**Problem requirements:**
Only the tail of the listing is wanted: the line containing "Bộ trưởng Nguyễn" and all after it, repeated exactly, pictures omitted.
Data shown START
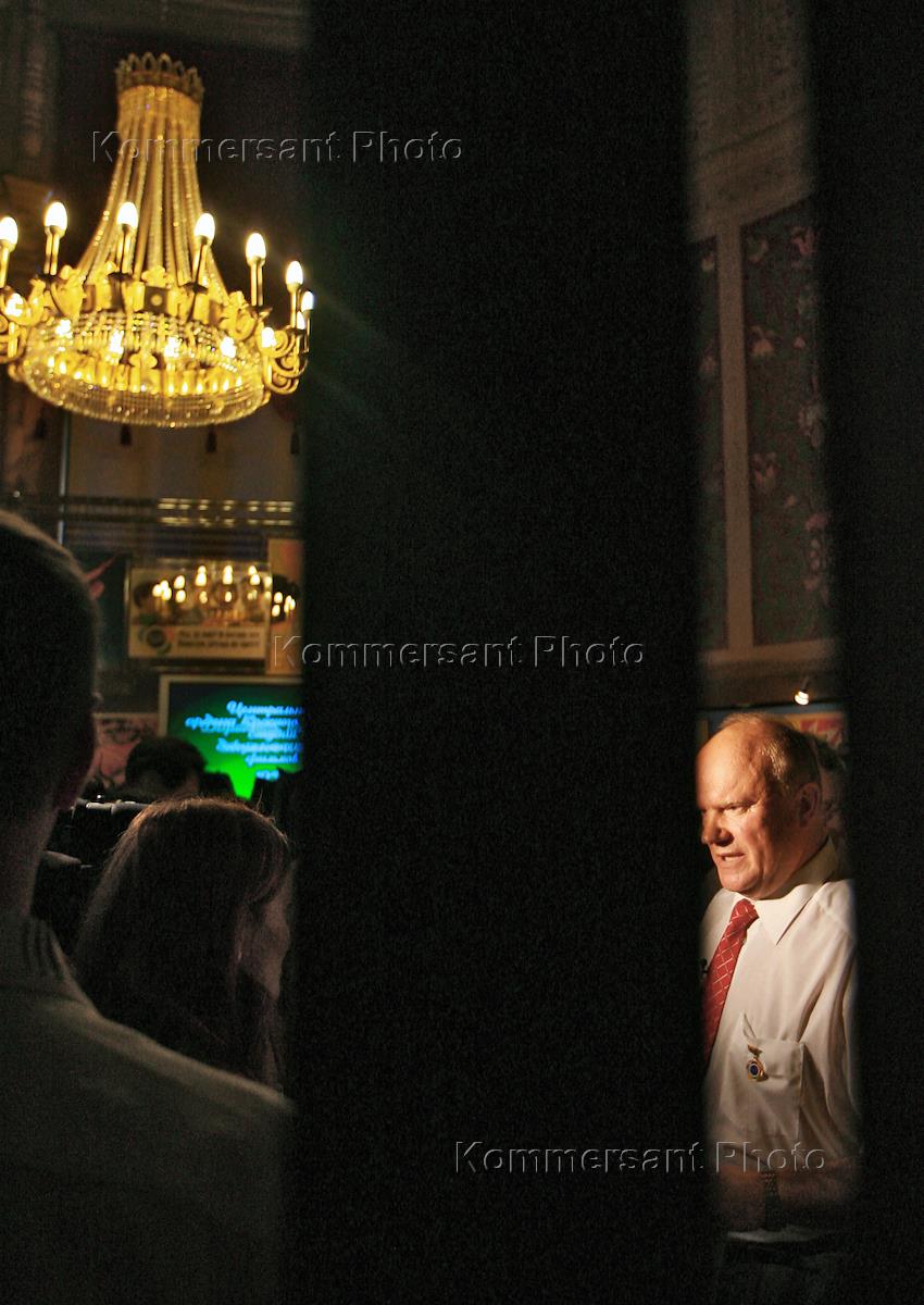 Russian Communist Party (KPRF) leader Gennady Zyuganov is shown at 'Youth starting to sing a song of friendship' exhibition opening. Exhibition devoted to 50th anniversary of 7th Youth and Students World Festival.
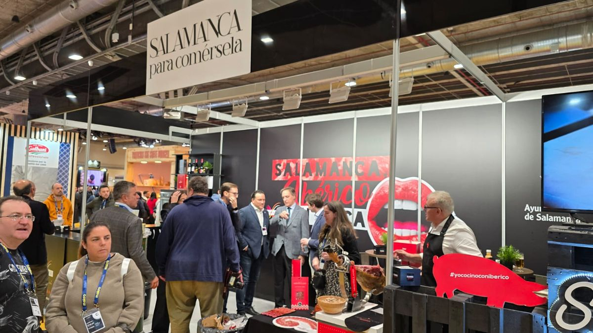 El estand 'Salamanca Para Comérsela' se convirtió en escaparate de los productos locales, con presencia de ibéricos, vinos, quesos y hornazos de la provincia. Marcas como La Hoja del Carrasco, Ibéricos Montellano y FISAN representaron la calidad de los productos salmantinos.
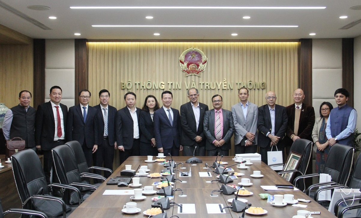 Bộ trưởng Nguyễn Mạnh Hùng và Thứ trưởng Nguyễn Huy Dũng chụp ảnh lưu niệm với Lãnh đạo tổ chức iSPIRT của Ấn Độ, kiêm thành viên Ban tư vấn về trí tuệ nhân tạo của Liên hợp quốc
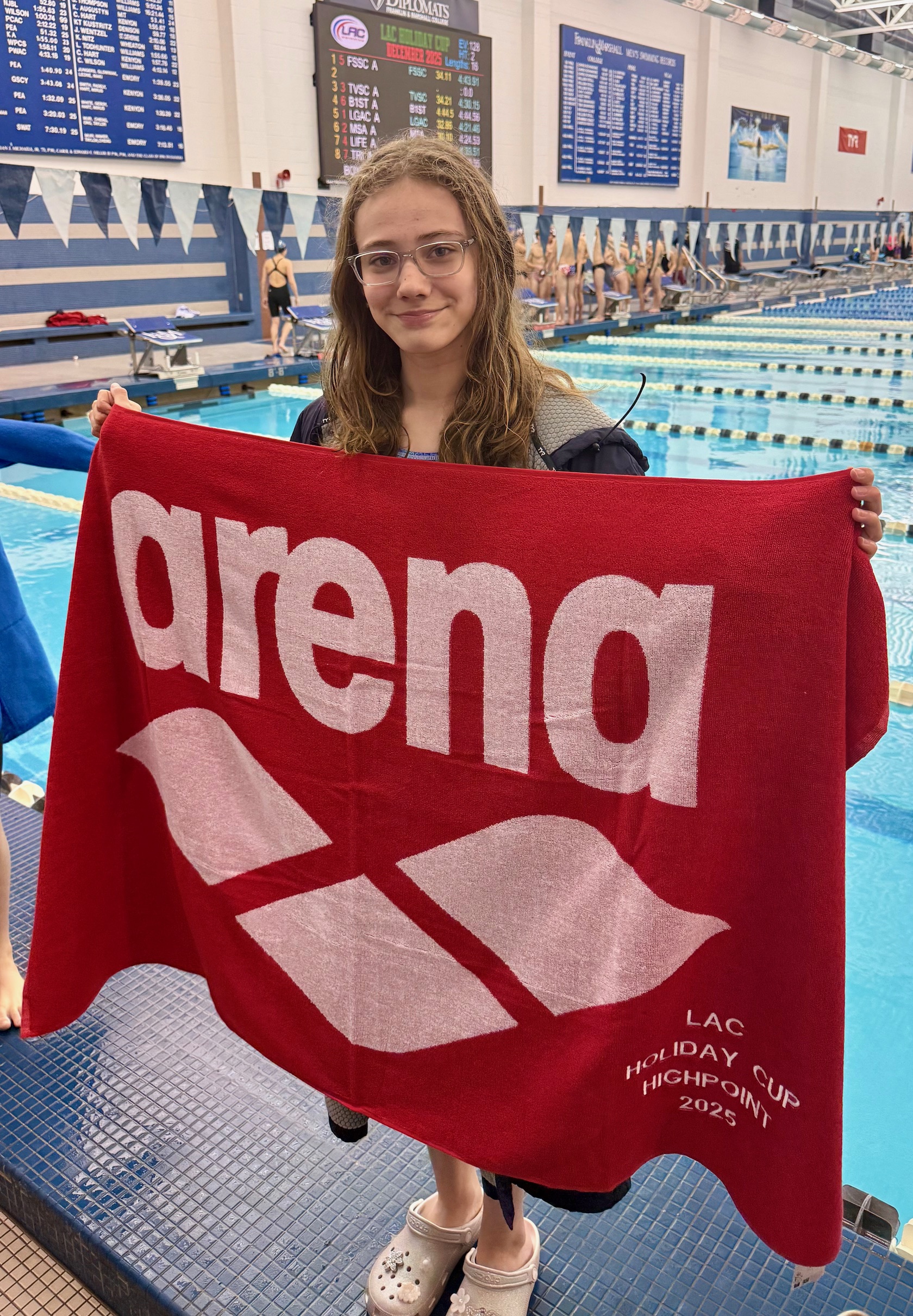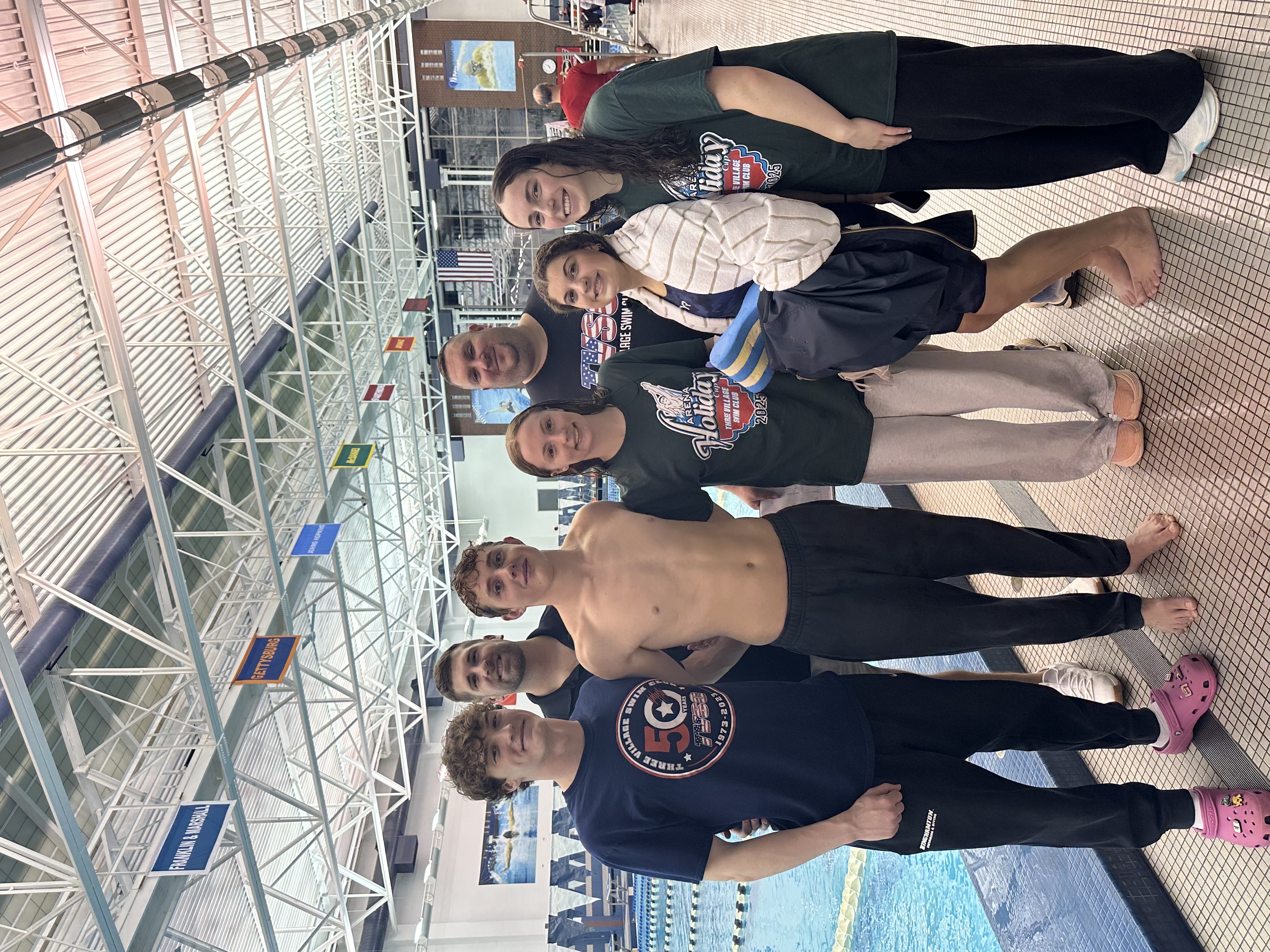 Fifty‑four TVSC swimmers, along with their families and coaches Mark, Chris, Joe, Peter, Mike, Jason, and Dan, traveled to Lancaster for the 27th or 28th Annual Holiday Cup at Franklin & Marshall’s Kunkel Aquatic Center. This marked the 26th time TVSC has competed at the Holiday Cup. The meet was not held in 2020 due to the pandemic, and in 2021 it was hosted by Keystone Aquatics in Carlisle, PA.
Data shown END
**Exercise result:**
 Bộ trưởng Nguyễn Mạnh Hùng và Thứ trưởng Nguyễn Huy Dũng chụp ảnh lưu niệm với Lãnh đạo tổ chức iSPIRT của Ấn Độ, kiêm thành viên Ban tư vấn về trí tuệ nhân tạo của Liên hợp quốc
 Fifty‑four TVSC swimmers, along with their families and coaches Mark, Chris, Joe, Peter, Mike, Jason, and Dan, traveled to Lancaster for the 27th or 28th Annual Holiday Cup at Franklin & Marshall’s Kunkel Aquatic Center. This marked the 26th time TVSC has competed at the Holiday Cup. The meet was not held in 2020 due to the pandemic, and in 2021 it was hosted by Keystone Aquatics in Carlisle, PA.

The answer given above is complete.